Although California is an at-will state, meaning employees can be fired without reason at any time, there are still situations in which an employee can file a wrongful termination lawsuit against his or her former employer. Laws protecting employees from wrongful termination are covered in the California Fair Employment and Housing Act.
It is illegal for a California employer to fire an employee for reasons that are discriminatory, such as for the person's age, race, sexual orientation, disability, relation, national origin or sex.
If an employee has an implied contract—even an informal one—and the employee's firing violates that implied contract, then the employee may be able to file a wrongful termination lawsuit. For example, if the implied contract says the employee will not be fired for at least a year and the employee is fired sooner, he may be eligible to file a claim against the employer.
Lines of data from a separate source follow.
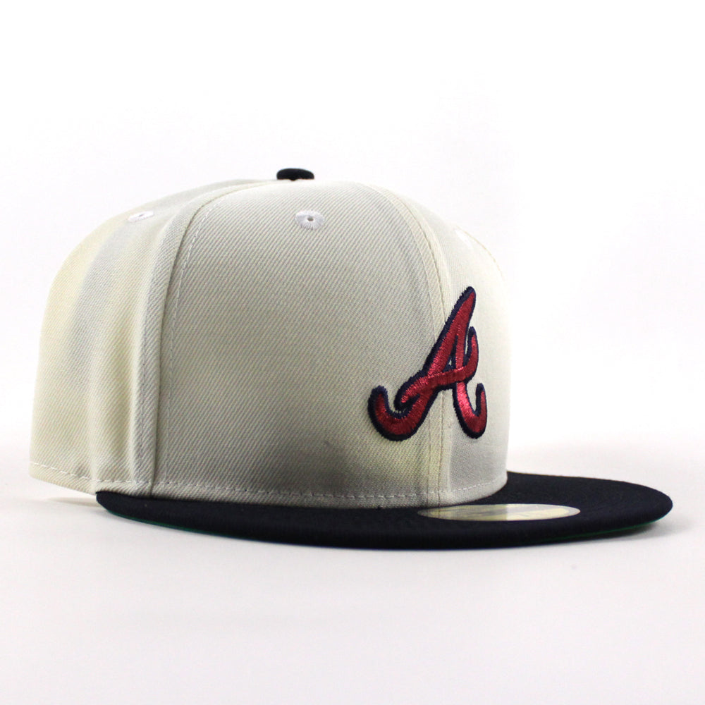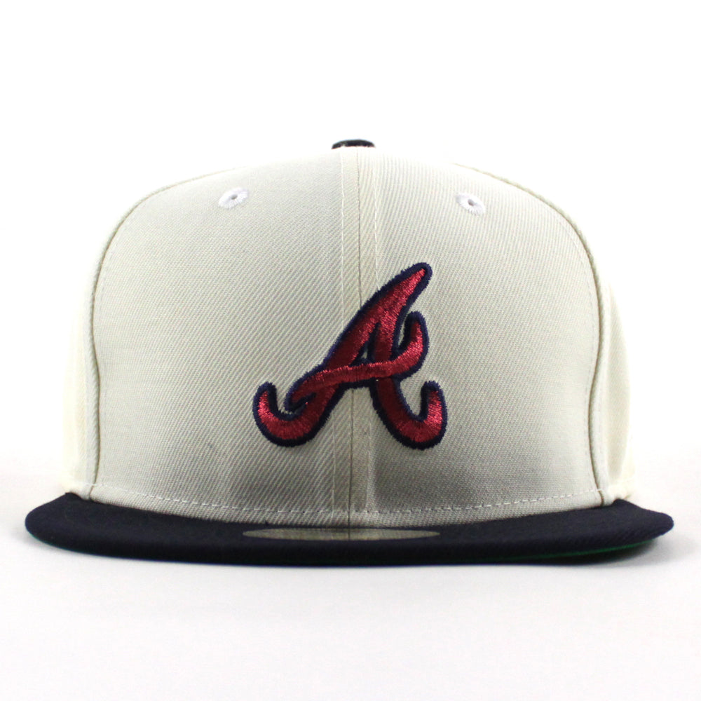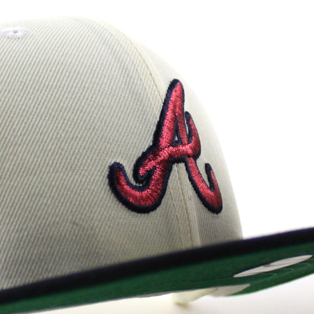 Atlanta Braves 40th ANNIVERSARY New Era 59Fifty Fitted Hat in Chrome White, Navy and Green Under Brim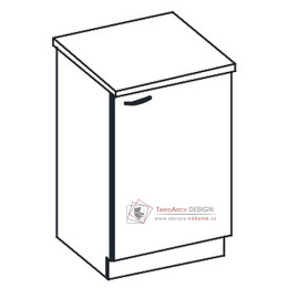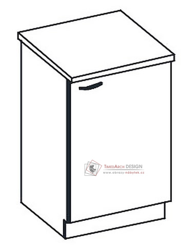 Dolní skříňka 1-dveřová D60 KARMEN je vyrobená z laminované DTD, dvířka z MDF.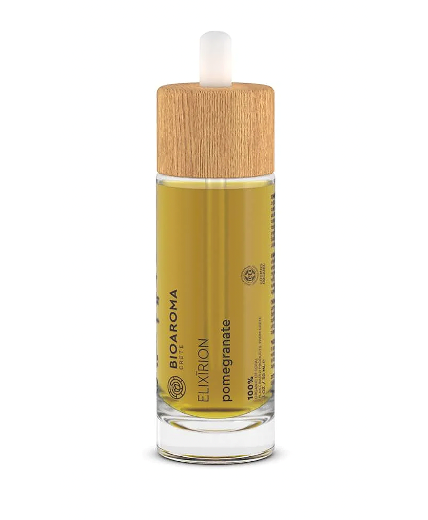 NATURE’S NECTAR One of the most sought after oils in the world. This little magical bottle of wonder regenerates the skin, neutralizes the signs of premature aging, reduces wrinkles on the skin, offers anti-inflammatory, healing, and nourishing properties. Elixirion Pomegranate Oil produced by Bioaroma Crete ($15) is extracted from the organic seeds of the fruit, which are harvested, dried, then cold-pressed.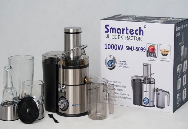 آبمیوه گیری ۴ کاره اسمارتک مدل SMJ-5099 دستگاهی خارق العاده و همه چیز تمام با توان 1000 واتی هست که امکان تهیه بدون دردسر انواع مختلف آبمیوه را دارد زیرا این دستگاه دهانه 85 میلی متری دارد و از طرفی با بدنه و پایه های استیل ضد زنگ شامل خردکن، مخلوط کن و آسیاب نیز هست تا با یک دستگاه بتوان هر نوع نیازی را برآورده کرد و آن هم با قیمتی که چند بار در کافی شاپ نوشیندی میل کنید برابری می کند و از هر لحاظ شما باید یک آبمیوه گیری ۴ کاره در خانه خود داشته باشید
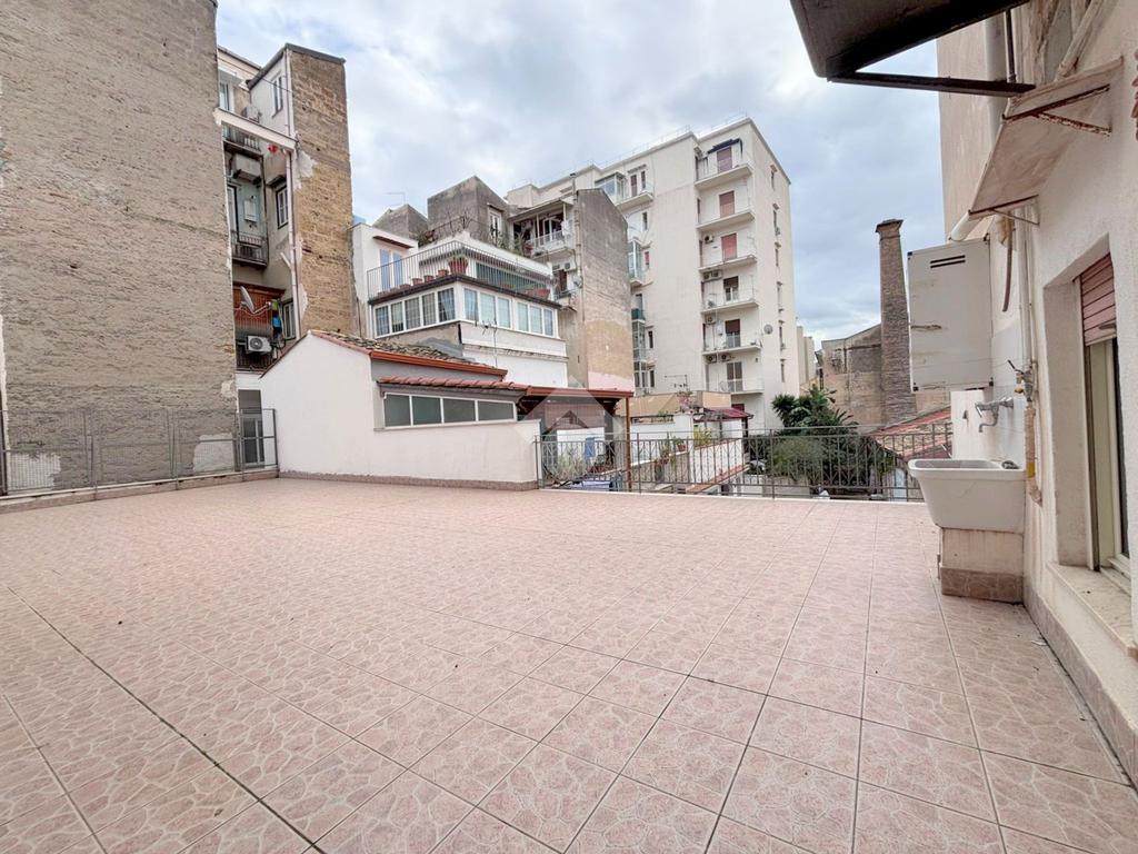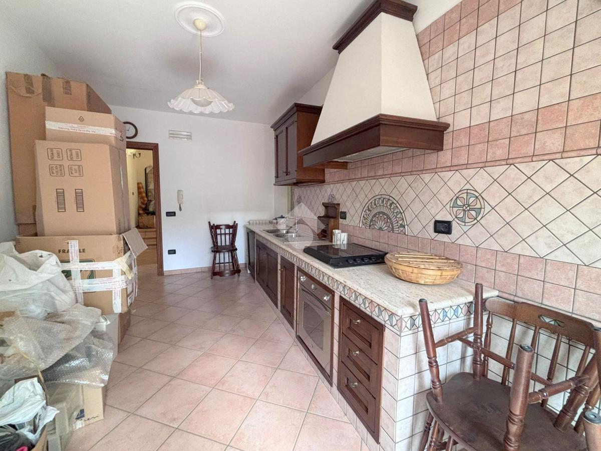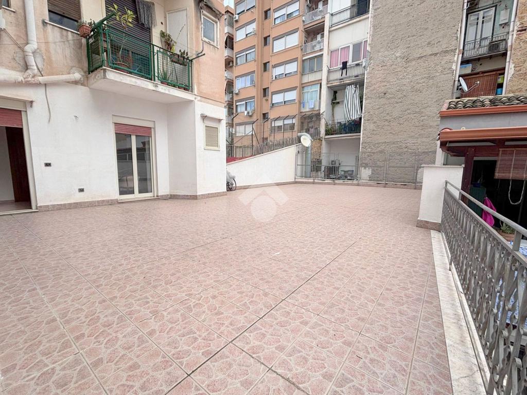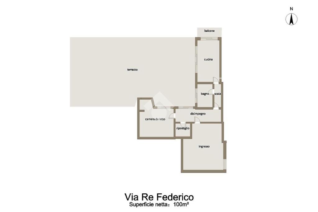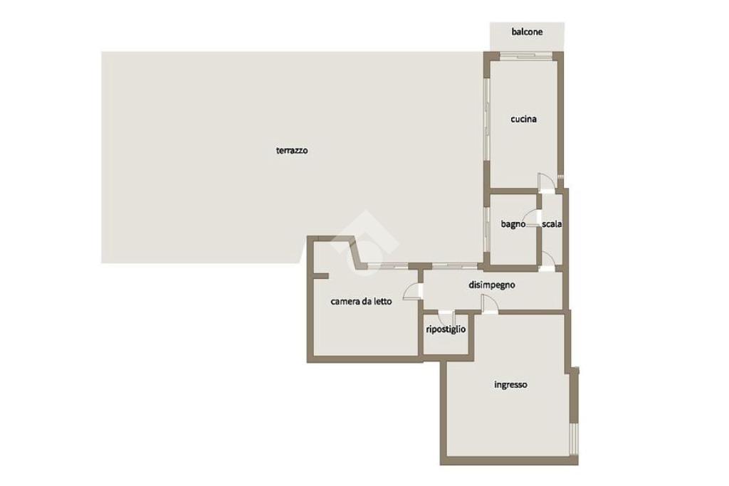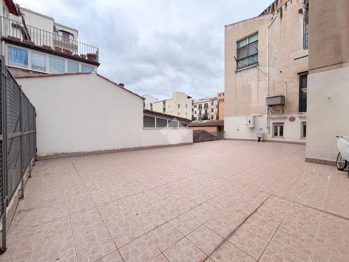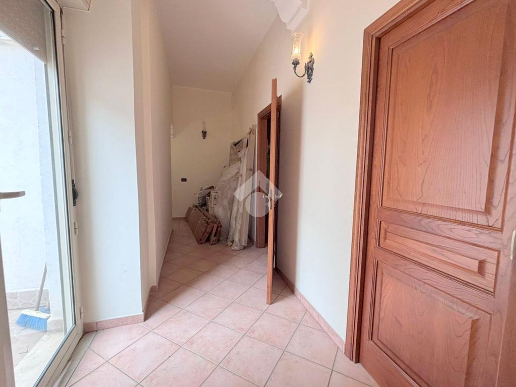 L'appartamento posto al primo piano, presenta un ingresso su soggiorno, adiacente il corridoio conduce ad una cucina abitabile e luminosa fornita di balcone, ed un servizio igienico con piatto doccia. Inoltre presenta una comoda camera da letto con annesso un ripostiglio. L'appartamento espone su di un ampio terrazzo di 100 mq, ideale per chi ha l'hobby del giardinaggio o possiede animali domestici.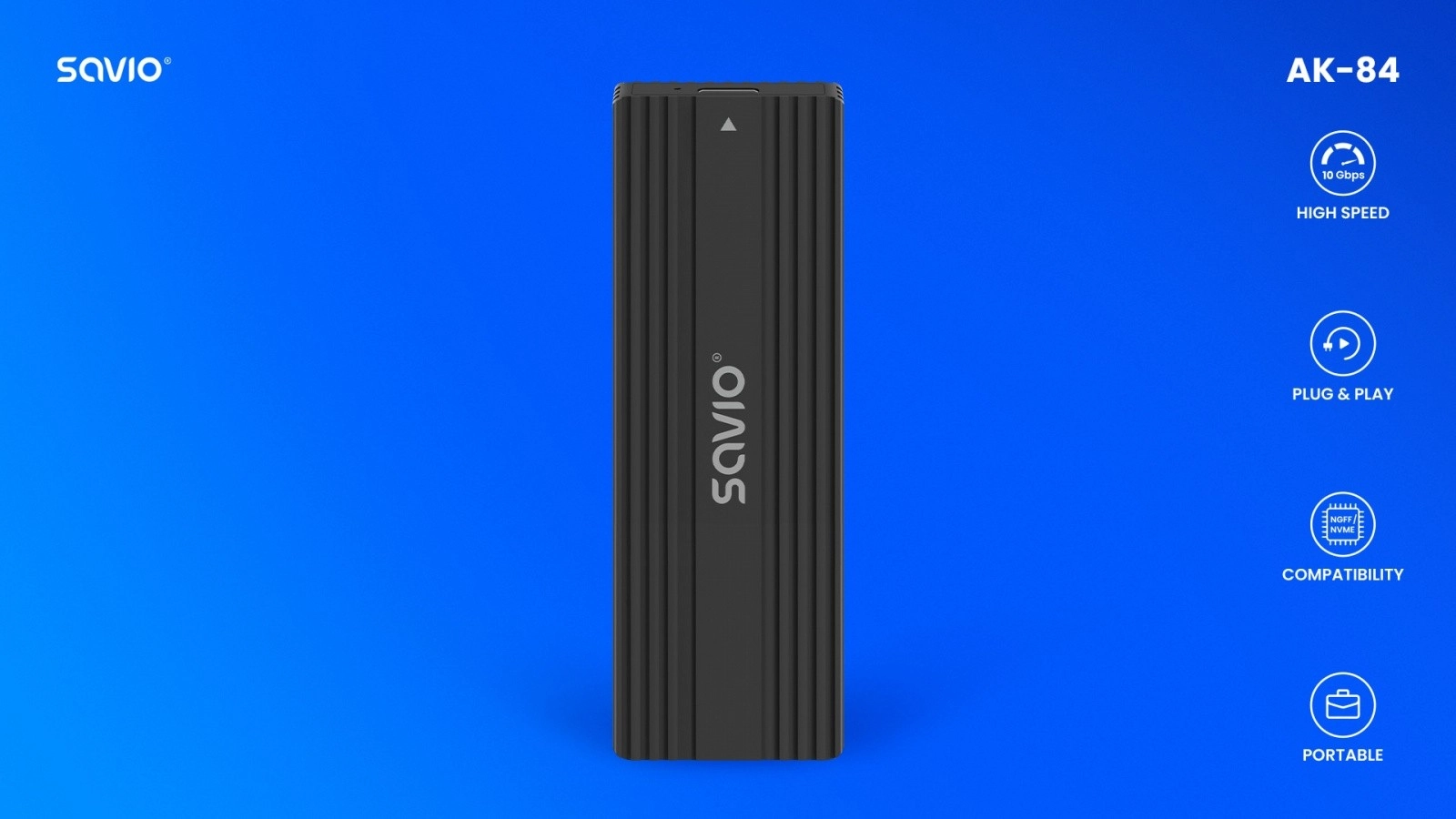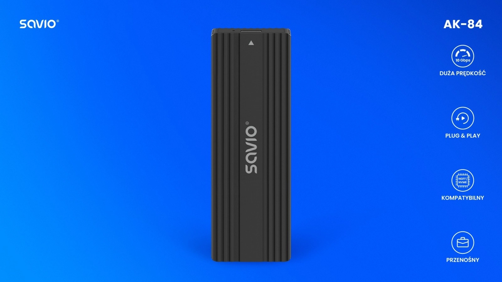 Elegancka i wytrzymała obudowa SAVIO AK‑184 natychmiast zmienia Twój dysk M.2 SSD (NVMe oraz SATA/NGFF) w wydajne przenośne rozwiązanie pamięci masowej. Dzięki USB 3.1 Gen 2 osiąga prędkości do 10 Gb/s, więc duże pliki, kopie zapasowe i gry przeniesiesz w mgnieniu oka. Kompaktowe wymiary i masa zaledwie 44 g czynią z niej idealnego towarzysza w podróży.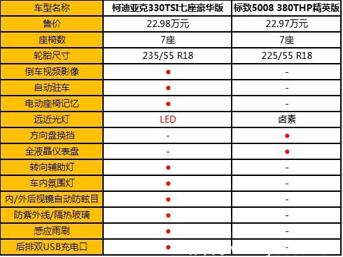文中我們對比的價(jià)格相當(dāng)?shù)膬煽?座車型,從標(biāo)致5008 7座精英版車型的配置表來看,整體配置水平處于同級車型主流水平,各項(xiàng)舒適性、安全性配置該有的都有了。但如果和柯迪亞克330TSI七座豪華版相比,配置上的差距還是非常明顯的。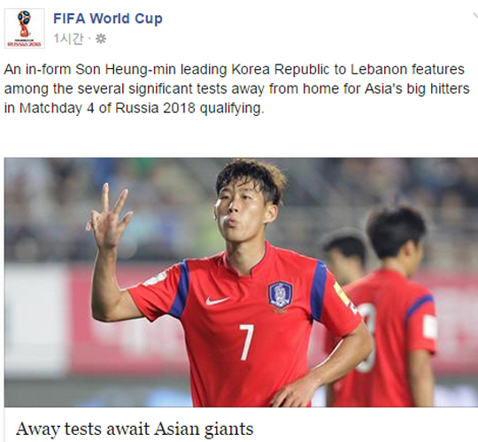 하지만 FIFA는 손흥민의 레바논 전 불참을 미처 몰랐던 것 같다. FIFA는 "최근 EPL 토트넘으로 이적한 손흥민은 지난 라오스 전에서 해트트릭을 기록하는 등 쾌조의 컨디션을 보이고 있다. 그의 어깨에 4년 전의 복수가 달렸다"라며 그를 이번 A매치데이의 '주목할만한 선수(Player to watch)'로 선정해 소개하는 실수를 저질렀다. 프리뷰의 대표 사진에도 손흥민의 얼굴이 걸렸다.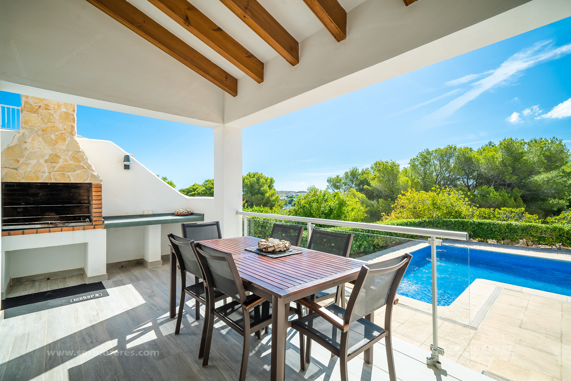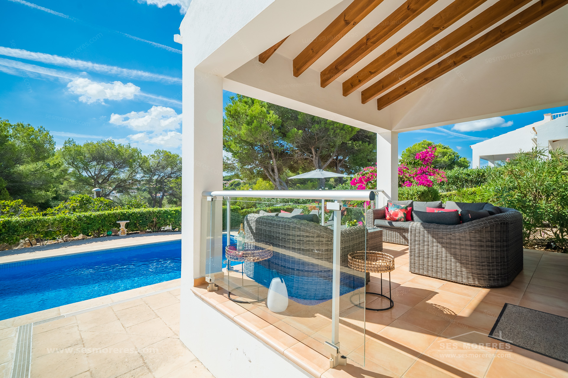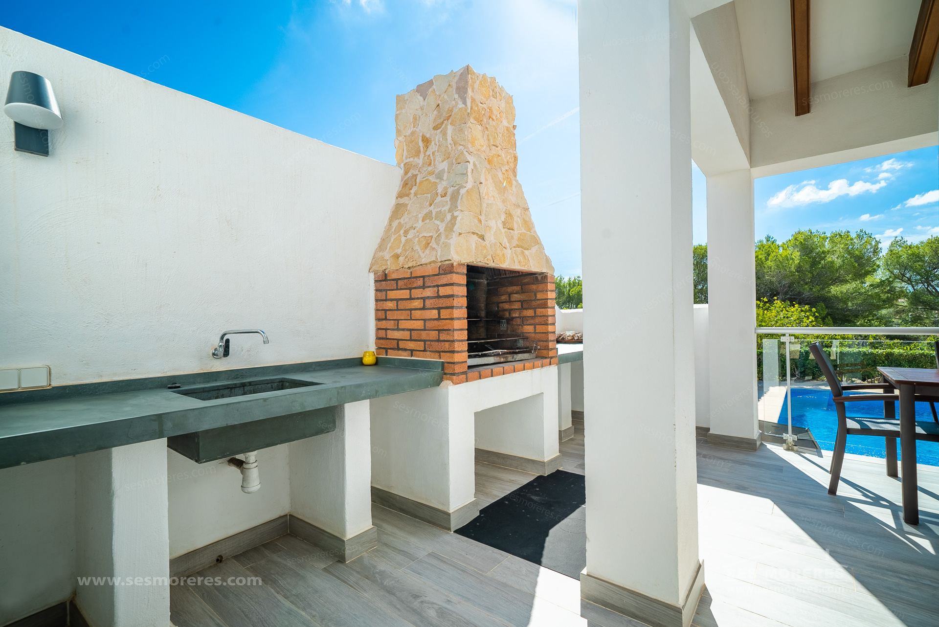 The exterior enjoys a pleasant patio, as well as a covered terrace, ideal for outdoor dining. From here, you can enjoy views of the private pool and the area of Port Addaia and Cala Molí. In this outdoor space, there is an ideal kitchen/barbecue area for enjoying pleasant family evenings. The gardens filled with native and low-maintenance plants complete the atmosphere of privacy and relaxation.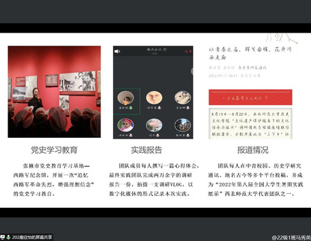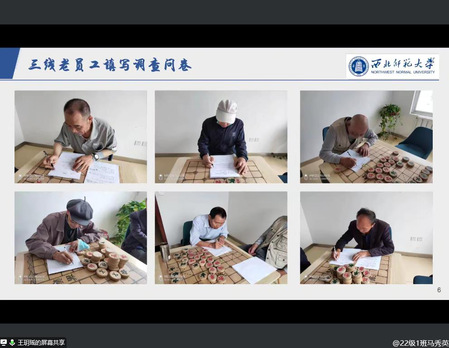 “甘肃地区三线企业内迁职工婚姻问题研究——以白银公司为中心”的考察团队通过填写调查问卷和口述调研等形式对白银公司三线厂遗址和老一辈三线建设者住址进行线上调研,通过此次调研,大家对三线建设有了更深入的了解,并且增强了对共和国史的认识,感悟到老一辈爱国知识分子的奋斗之路。团队代表顾思宇说“我们作为当代中国青年,更应该传承和践行‘三线精神’发扬艰苦卓绝、爱国奉献的光荣传统,到西北去,到祖国需要的地方去,担起中华民族伟大复兴的重任。”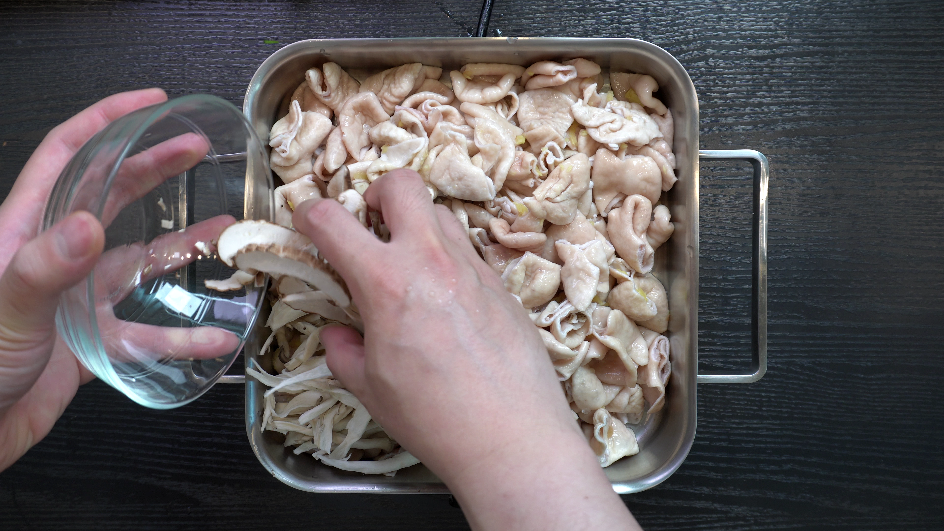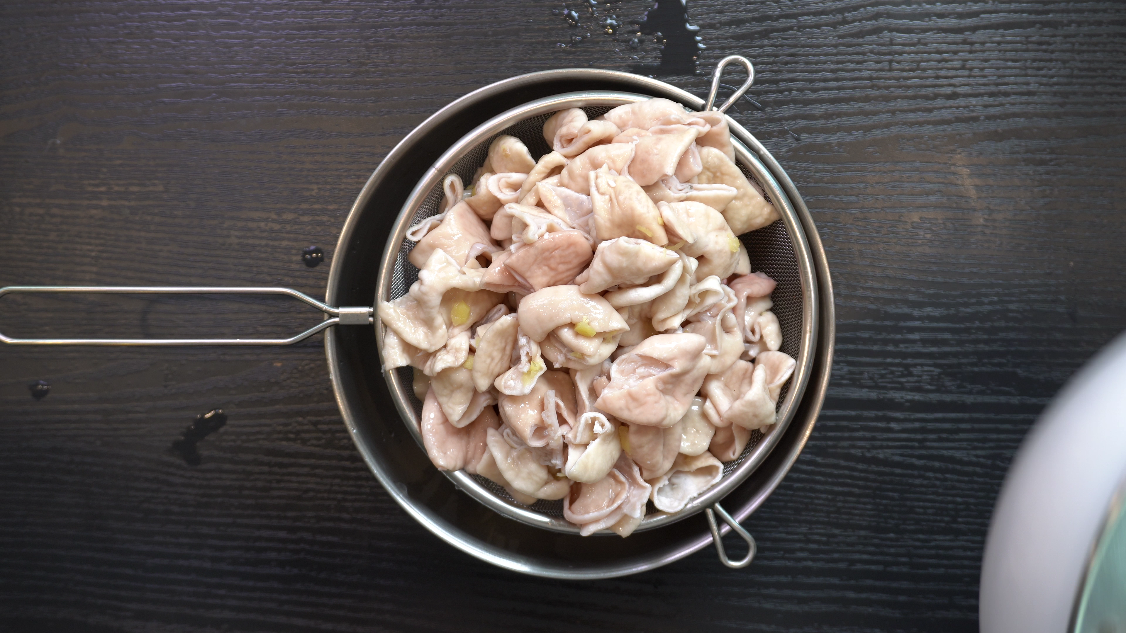 2. 하루 뒤 곱창을 채에 받쳐서 물기를 빼주고 냄비에 아래 재료들을 넣는다.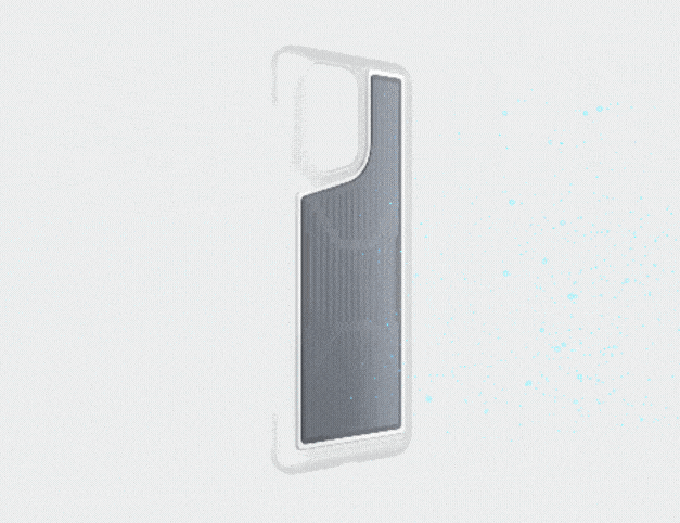 散热手机壳的外观并不笨重,看起来与普通手机壳并无二致。散热薄膜设置在手机壳内部,被一个导流硅胶垫包裹,触感柔软,且不会流动,触感上像是“一块人工皮肤”。

Factors involved in an implied contract include promises of job security, any employee handbook, employment policies and job performance evaluations.
Violation of Public Policy
California employers cannot fire an employee if that termination is contrary to public policy. For example, an employer cannot fire an employee for refusing to commit an illegal act or for filing a workers compensation claim.
It is illegal for a California employer to fire an employee for reporting illegal or unethical activities to an appropriate government agency or to an authority within the employee's organization. It is also illegal to fire an employee for backing or confirming a coworker's claim or reports of illegal or unethical activity.
Although retaliation is usually thought of as only termination, it can actually include being passed over for a promotion or training opportunity, being demoted, being denied a raise or other privilege or facing suspension or other consequences.
A whistleblower is an employee who reports the illegal activities of an organization. Activities reported can include a violation of state or federal law, violation of or noncompliance with a local, state or federal regulation, or unsafe working conditions.
Whistleblower laws protect whistleblowers from retaliation by the organization being reported on. Also protected are employees who refuse to participate in any activity that would result in a violation of federal or state statutes. Under California whistleblower laws, an employer can neither retaliate against an employee for reporting illegal behavior, nor prevent the employee from being a whistleblower.
If an employer retaliates against a whistleblower, the employer may be required to reinstate the employee's employment and benefits, and pay missed wages.
Qui Tam lawsuits are those filed by whistleblowers on behalf of the government.
The Sarbanes-Oxley Act is a whistleblower protection for whistleblowers who are employed by publicly traded companies. Sarbanes-Oxley prohibits retaliation in the form of termination, demotion, suspension, harassment or other discrimination against such employees. The provision protects any employee who reports activity that he or she reasonably believes is illegal, even if courts later find that no laws were broken.
Employees who file a claim under Sarbanes-Oxley must file a complaint with the Department of Labor within 90 days of the retaliation. Failure to do so could result in the claim being dismissed.
California's Worker Adjustment and Retraining Notification (WARN) laws require covered employers to provide 60 days' notification to employees and officials in advance of any plant closing or mass layoff. Although there are federal WARN statutes in place, California's statutes expand the businesses affected by the laws.
Under California labor law, there is no guarantee of an employee receiving severance pay. Severance pay—also known as separation pay—is compensation given to an employee when employment is terminated. Employers are not required to provide severance unless there is a contract stating they must do so.